* **WHAT IS BEING ASKED**
Exact reproduction of all the data is required, with pictures excluded.

[GIVEN DATA]

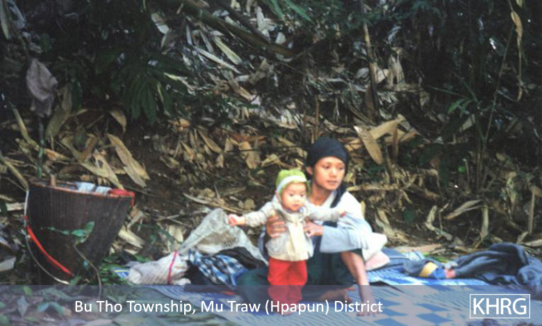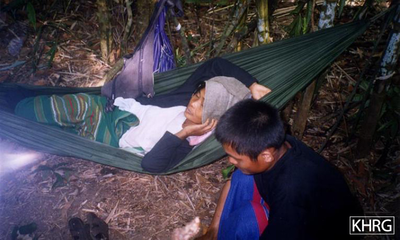 Photos #10-35, 10-36, 10-37, 10-38: On January 15 th 2004, a column from SPDC IB #94 moved into the area of H--- village in Than Daung township, Toungoo district, so the villagers fled to the forest en masse . [Photos: KHRG researcher] Photo #10-39: A mother with a newborn infant takes a rest while fleeing into the forest with other villagers on January 16 th 2004. She is from K--- village in Tantabin township, Toungoo district. [Photo: KHRG researcher] Photos #10-40, 10-41, 10-42: Villagers fleeing K--- village in Lu Thaw township, Papun district, on January 21 st 2004 as an SPDC Army column from Light Infantry Division #55 enters their area. In photo 10-40 an elderly villager struggles with a load, while the KNLA officer on the radio behind him monitors the column's movements to make sure the villagers don't walk into an ambush. Photo 10-41 shows a group of villagers resting in the forest along their way, and in photo 10-42 they have reached a shelter in the fields camouflaged by rice straw. Meanwhile, the SPDC column saw and killed villager Saw Kloh Po Heh from the neighbouring village of K'Leh Loh (see photos 10-43 through 10-46 below). [Photos: KHRG researcher]
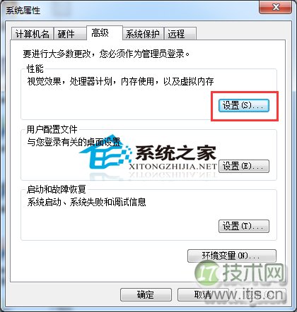 2、在打开的盘D盘窗口中,点击“高级”选项中性能下的站群服务器移动用“设置”按钮;
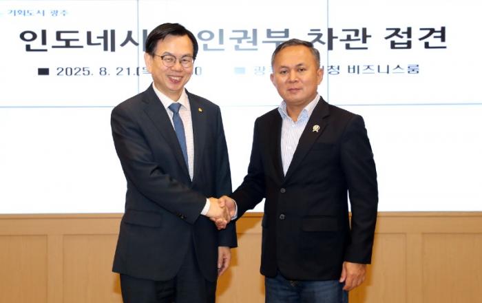 ‘민주·인권·평화의 도시’ 광주가 5·18민주화운동의 경험과 가치를 바탕으로 인도네시아와 인권 분야 협력을 강화한다. 광주광역시(시장 강기정)는 21일 시청 비즈니스룸에서 고광완 행정부시장이 무기얀토 시핀(Mugiyanto Sipin) 인도네시아 인권부 차관을 접견하고
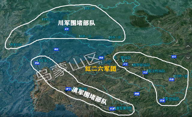一、西北方向那一坨,是由川军杨森部和李家钰部组成的前堵部队。这一路我们在百丈关战役那一节详细介绍过,他们差不多快被四方面军打残了,此刻是有心无力,疲于应付。
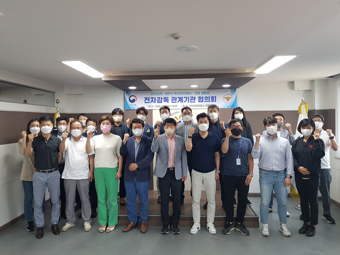 ▲부산보호관찰소 전자감독담당 특사경 직원과 부산경찰청, 산하 경찰서 관계자들이 '전자감독 관계기관 협의회'를 개최한 뒤 기념촬영을 하며 화이팅을 외치고 있다. 부산보호관찰소 제공 |
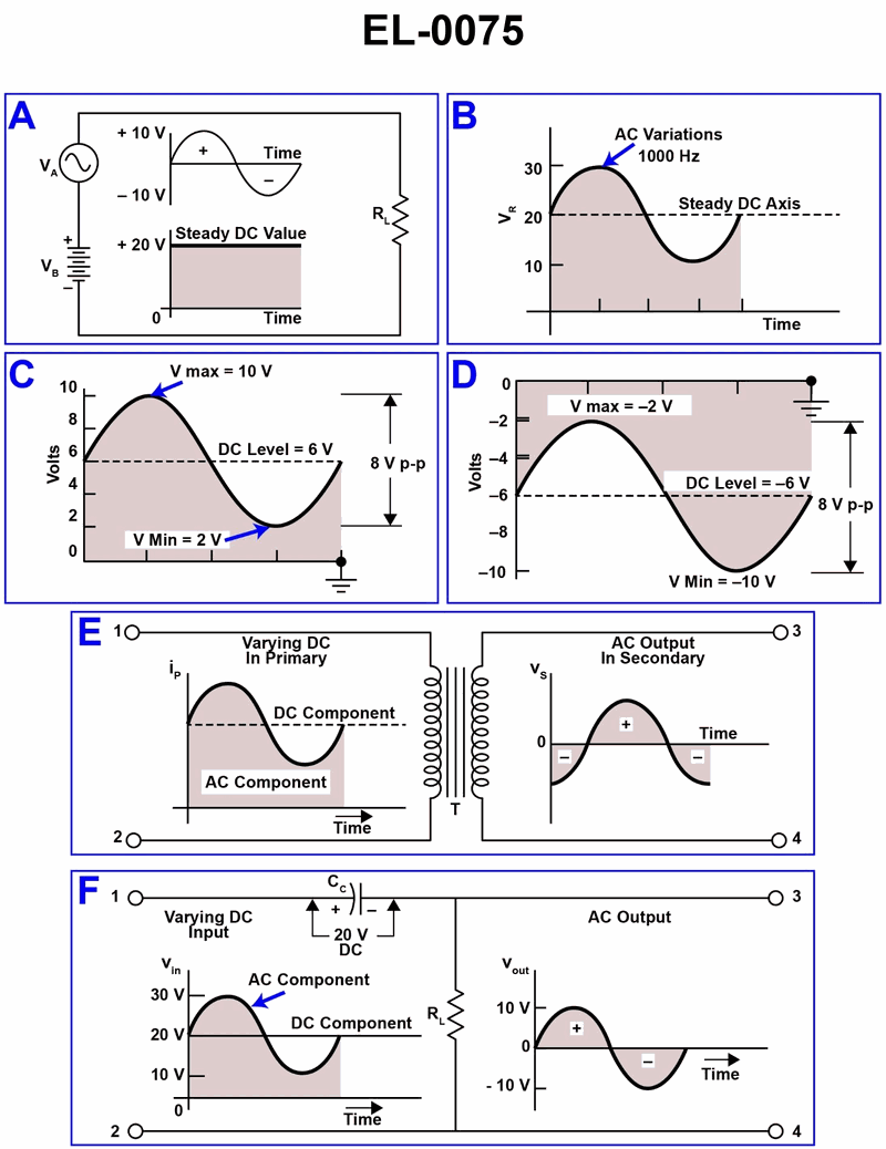 In referring to figure "E" of the illustration, what statement is true concerning the functional purpose of the coupling transformer? Illustration EL-0075
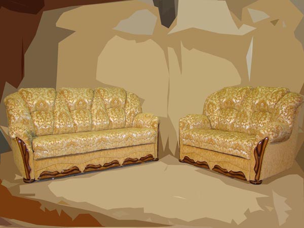 В комплектацию набора входит двух- и трехместный диван. Набор обит узорной тканью бежевого цвета.
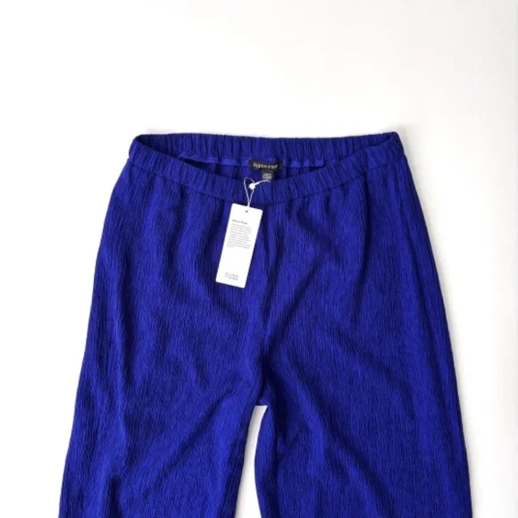 This listing is for Eileen Fisher pants. They are new with the tagWide Ankle PantsWoven PlissePull on CrinkleAnkle side slit65% tencel lyocell, 34% recycled polyester, and 1% spandexColor: Blue Violet
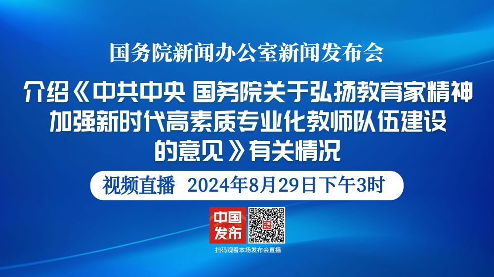 国务院新闻办公室于2024年8月29日(星期四)下午3时举行新闻发布会,教育部副部长王嘉毅介绍《中共中央 国务院关于弘扬教育家精神加强新时代高素质专业化教师队伍建设的意见》有关情况,并答记者问。
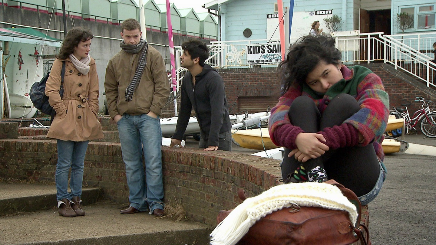 Wir schlagen vor, den Film bei einer Szene zu unterbrechen. "Sound only" ist eine Methode, das Verständnis des Films zu erleichtern. Die Schülerinnen und Schüler konzentrieren sich zunächst nur auf den Ton, die Sprache und die Geräusche und stellen Vermutungen an, was in der Szene wohl zu sehen sein wird. Wir haben zwei Varianten: In einer sehr einfachen Variante geht es um die Szene, die die Schüler in der "pre-viewing activity" bearbeitet haben (Timecode 02:25 – 03:34 Min.). Dazu erhalten sie auf Arbeitsblatt 3 "Sound only" eine Auswahl von Screenshots aus der Folge, von denen aber nicht alle aus dieser Szene stammen. Die Schüler kreuzen nach dem Hören an, welche Bilder in der Szene vorkommen. Im Anschluss ordnen sie die Sätze den Einstellungen zu, die ihrer Meinung nach zu den Fotos und dem Ton passen. Sie tauschen sich mit einem Partner über ihre Lösung aus.
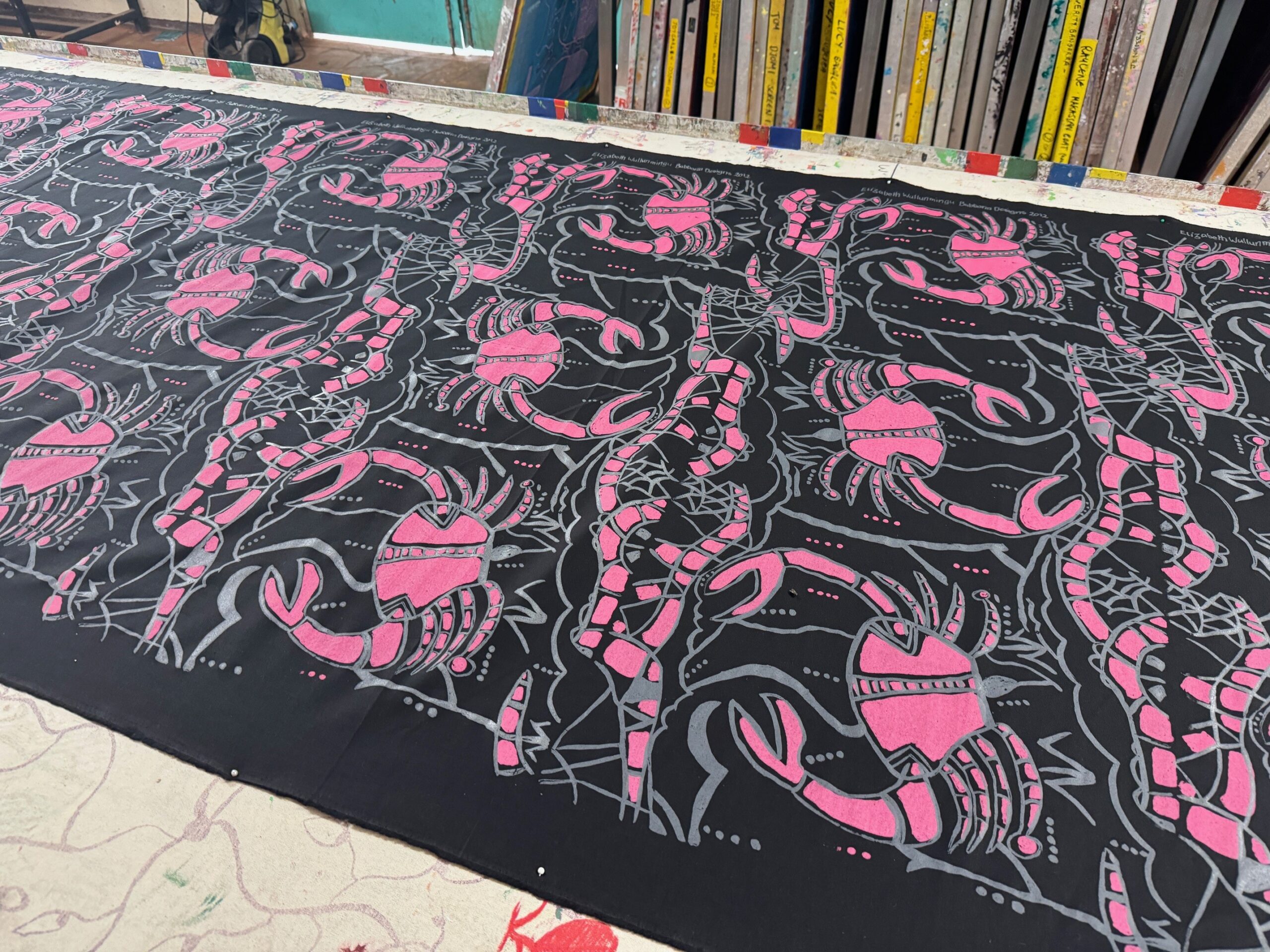 This design tells the story of Elizabeth’s homeland – a dreaming place, a good dreaming place with plenty of Barnkabarra (Mud Crabs). Elizabeth’s homeland lies east of Maningrida, at the mouth of Blyth river. This country is known for a large spiritual mud crab, which lives in the area.

[/GIVEN DATA]

* **YOUR SOLUTION**
 Photos #10-35, 10-36, 10-37, 10-38: On January 15 th 2004, a column from SPDC IB #94 moved into the area of H--- village in Than Daung township, Toungoo district, so the villagers fled to the forest en masse . [Photos: KHRG researcher] Photo #10-39: A mother with a newborn infant takes a rest while fleeing into the forest with other villagers on January 16 th 2004. She is from K--- village in Tantabin township, Toungoo district. [Photo: KHRG researcher] Photos #10-40, 10-41, 10-42: Villagers fleeing K--- village in Lu Thaw township, Papun district, on January 21 st 2004 as an SPDC Army column from Light Infantry Division #55 enters their area. In photo 10-40 an elderly villager struggles with a load, while the KNLA officer on the radio behind him monitors the column's movements to make sure the villagers don't walk into an ambush. Photo 10-41 shows a group of villagers resting in the forest along their way, and in photo 10-42 they have reached a shelter in the fields camouflaged by rice straw. Meanwhile, the SPDC column saw and killed villager Saw Kloh Po Heh from the neighbouring village of K'Leh Loh (see photos 10-43 through 10-46 below). [Photos: KHRG researcher]
 2、在打开的盘D盘窗口中,点击“高级”选项中性能下的站群服务器移动用“设置”按钮;
 ‘민주·인권·평화의 도시’ 광주가 5·18민주화운동의 경험과 가치를 바탕으로 인도네시아와 인권 분야 협력을 강화한다. 광주광역시(시장 강기정)는 21일 시청 비즈니스룸에서 고광완 행정부시장이 무기얀토 시핀(Mugiyanto Sipin) 인도네시아 인권부 차관을 접견하고
一、西北方向那一坨,是由川军杨森部和李家钰部组成的前堵部队。这一路我们在百丈关战役那一节详细介绍过,他们差不多快被四方面军打残了,此刻是有心无力,疲于应付。
 ▲부산보호관찰소 전자감독담당 특사경 직원과 부산경찰청, 산하 경찰서 관계자들이 '전자감독 관계기관 협의회'를 개최한 뒤 기념촬영을 하며 화이팅을 외치고 있다. 부산보호관찰소 제공 |
 In referring to figure "E" of the illustration, what statement is true concerning the functional purpose of the coupling transformer? Illustration EL-0075
 В комплектацию набора входит двух- и трехместный диван. Набор обит узорной тканью бежевого цвета.
 This listing is for Eileen Fisher pants. They are new with the tagWide Ankle PantsWoven PlissePull on CrinkleAnkle side slit65% tencel lyocell, 34% recycled polyester, and 1% spandexColor: Blue Violet
 国务院新闻办公室于2024年8月29日(星期四)下午3时举行新闻发布会,教育部副部长王嘉毅介绍《中共中央 国务院关于弘扬教育家精神加强新时代高素质专业化教师队伍建设的意见》有关情况,并答记者问。
 Wir schlagen vor, den Film bei einer Szene zu unterbrechen. "Sound only" ist eine Methode, das Verständnis des Films zu erleichtern. Die Schülerinnen und Schüler konzentrieren sich zunächst nur auf den Ton, die Sprache und die Geräusche und stellen Vermutungen an, was in der Szene wohl zu sehen sein wird. Wir haben zwei Varianten: In einer sehr einfachen Variante geht es um die Szene, die die Schüler in der "pre-viewing activity" bearbeitet haben (Timecode 02:25 – 03:34 Min.). Dazu erhalten sie auf Arbeitsblatt 3 "Sound only" eine Auswahl von Screenshots aus der Folge, von denen aber nicht alle aus dieser Szene stammen. Die Schüler kreuzen nach dem Hören an, welche Bilder in der Szene vorkommen. Im Anschluss ordnen sie die Sätze den Einstellungen zu, die ihrer Meinung nach zu den Fotos und dem Ton passen. Sie tauschen sich mit einem Partner über ihre Lösung aus.
 This design tells the story of Elizabeth’s homeland – a dreaming place, a good dreaming place with plenty of Barnkabarra (Mud Crabs). Elizabeth’s homeland lies east of Maningrida, at the mouth of Blyth river. This country is known for a large spiritual mud crab, which lives in the area.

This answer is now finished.